И вот они снова вместе.
На следующий день изыскатели вошли в горы. Снег начал таять. Земля пропиталась влагой. Мокрые ветви кустарника хлестали по лицу.
К счастью, вечером начало примораживать. А на следующее утро ударил такой мороз, что земля под ногами зазвенела. Но вместе с морозами начались утренние туманы, густые, как молоко, и работать приходилось на ощупь.
Больше всего донимал голод. Дичь улетела к югу, в низины, и жировала на последних незамерзших озерцах и курьях. Лундин целыми днями таскал ружье на весу, но ничего не мог добыть.
При входе в ущелье они разделились. Колыванов один ушел вперед, а Чеботарев, Баженова и Лундин остались разбивать кривые на подходе. С самолета Чеботареву казалось, что ущелье совпадает с трассой, но на самом деле это было не так.
Они карабкались по валунам, взбирались на невысокие, почти отвесные скалы, покрытые изморозью. Чеботарев отстал от спутников, вычерчивая карту походов. Вдруг он услышал крик Баженовой, которая еле удерживалась на узкой кромке скалы, цепляясь за камень. Лундин бросился к ней на помощь.
Когда Чеботарев подбежал, охотник сидел, прислонившись спиной к скале, а Баженова стояла над ним. По их бледным лицам, по тяжелому дыханию Лундина Чеботарев понял, что случилось несчастье.
Приняв на руки падавшую Баженову, Лундин оступился и сломал ногу. Он тихо покряхтывал, ощупывая голень. Крупный пот катился по обросшему бородой лицу.
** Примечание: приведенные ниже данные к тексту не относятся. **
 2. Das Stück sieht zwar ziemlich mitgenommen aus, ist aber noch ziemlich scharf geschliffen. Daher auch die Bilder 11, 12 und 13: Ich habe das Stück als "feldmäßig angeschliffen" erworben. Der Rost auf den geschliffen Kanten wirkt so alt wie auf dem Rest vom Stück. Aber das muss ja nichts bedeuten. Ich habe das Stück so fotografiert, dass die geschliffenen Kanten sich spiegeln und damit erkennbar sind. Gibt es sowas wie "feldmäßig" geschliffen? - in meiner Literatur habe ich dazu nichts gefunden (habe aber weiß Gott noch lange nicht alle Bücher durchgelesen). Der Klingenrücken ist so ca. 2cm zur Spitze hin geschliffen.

Екатерина Андреевна испуганно поглядела на Чеботарева и сказала:
— Я не виновата… Я поскользнулась…
Чеботарев с горечью подумал о том, что она говорит, как провинившаяся маленькая девочка. Девочка говорит маме, что она не виновата. Виновата чашка, которая сама выпала из рук.
— Хрустнула, проклятая, — сказал Лундин. — Вот какие дела, товарищ Чеботарев…
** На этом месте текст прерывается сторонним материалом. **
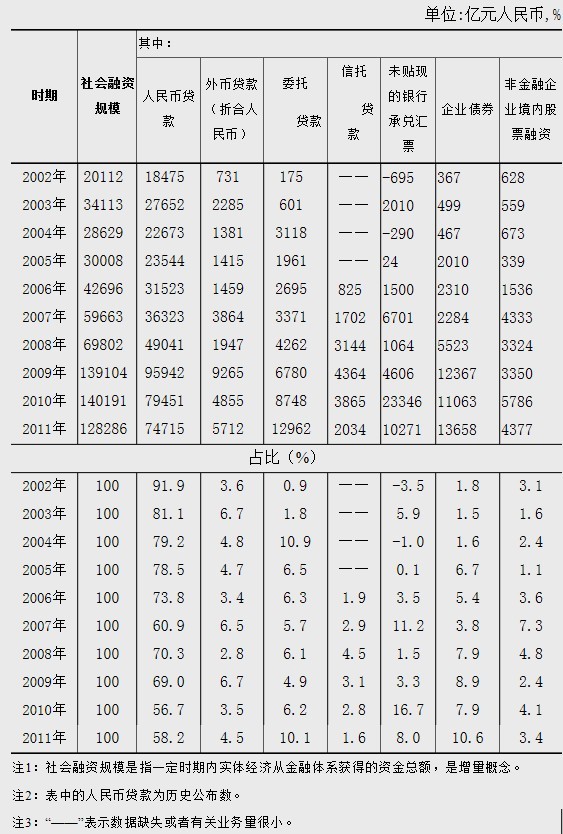 金融結構呈現多元發(fā)展,金融對資源配置的積極作用不斷提高。一是人民幣貸款占比顯著下降,人民幣貸款外的其他方式融資數量和占比明顯上升。2011年新增人民幣貸款7.47萬億元,是2002年的4.04倍;除人民幣貸款外的其他方式融資為5.36萬億元,是2002年的32.7倍,占同期社會融資規(guī)模的41.8%,比2002年上升33.7個百分點。二是直接融資快速發(fā)展,市場配置資金的作用不斷提高。2011年企業(yè)債券和非金融企業(yè)境內股票合計融資1.80萬億元,是2002年的18.1倍;合計占同期社會融資規(guī)模的14.0%,比2002年提高9.1個百分點。三是金融機構表外業(yè)務融資功能顯著增強。2011年實體經濟通過未貼現的銀行承兌匯票、委托貸款和信托貸款從金融體系融資合計達2.53萬億元,而在2002年這些金融工具的融資量還非常小。四是非銀行金融機構對實體經濟的支持力度迅速加大。2011年小額貸款公司新增貸款1934億元,比2009年增長1.5倍,相當于一家中型股份制商業(yè)銀行一年的新增貸款規(guī)模。

Баженова отвернулась, закрыла лицо руками. Чеботарев приподнял Лундина:
— Идти можешь?
— От печки до полатей, — ответил Лундин, еще пытаясь шутить.
Вдвоем они перенесли охотника на более удобное место. Здесь Чеботарев посадил старика у скалы, ушел куда-то и вернулся с лубками. Осторожно сняв сапог с ноги Лундина, он быстрыми и ловкими движениями забинтовал сломанную ногу, наложив лубки, затем достал из кармана кисет с табаком и бережно разделил махорку на две равные кучки.
— Отвернитесь, Екатерина Андреевна…
Баженова послушалась.
— Кому? — спросил Чеботарев.
— Что кому?
— Мне или Семену? Да говорите быстро!
— Ну вам, — она повернулась к ним. — Но зачем это? Что это значит?
Охотник и Чеботарев молчали, бережно собирая табак. Потом закурили каждый из своей кучки, не глядя друг на друга.
— Что все это значит? — снова спросила Баженова. Чеботарев, словно не слыша вопроса, сказал:
— Иванцов придет сюда дней через восемь…
— А может, и через десять, — сказал охотник, глядя на синеватый дымок.
— Может, и через десять, — согласился Чеботарев. — Придется тебе полежать здесь до его прихода. Дров мы тебе заготовим, еду, какая есть, оставим, ружье у тебя хорошее…
— Так-так, — ответил охотник, и было непонятно, соглашается он с Василием или нет.
— Его нельзя оставлять! — сказала Екатерина Андреевна, глядя широко раскрытыми глазами на Чеботарева.
— Вам, товарищ Баженова, придется помолчать, — спокойно сказал Чеботарев. — Командир здесь теперь я. Если мы понесем Семена на руках, ему хуже будет.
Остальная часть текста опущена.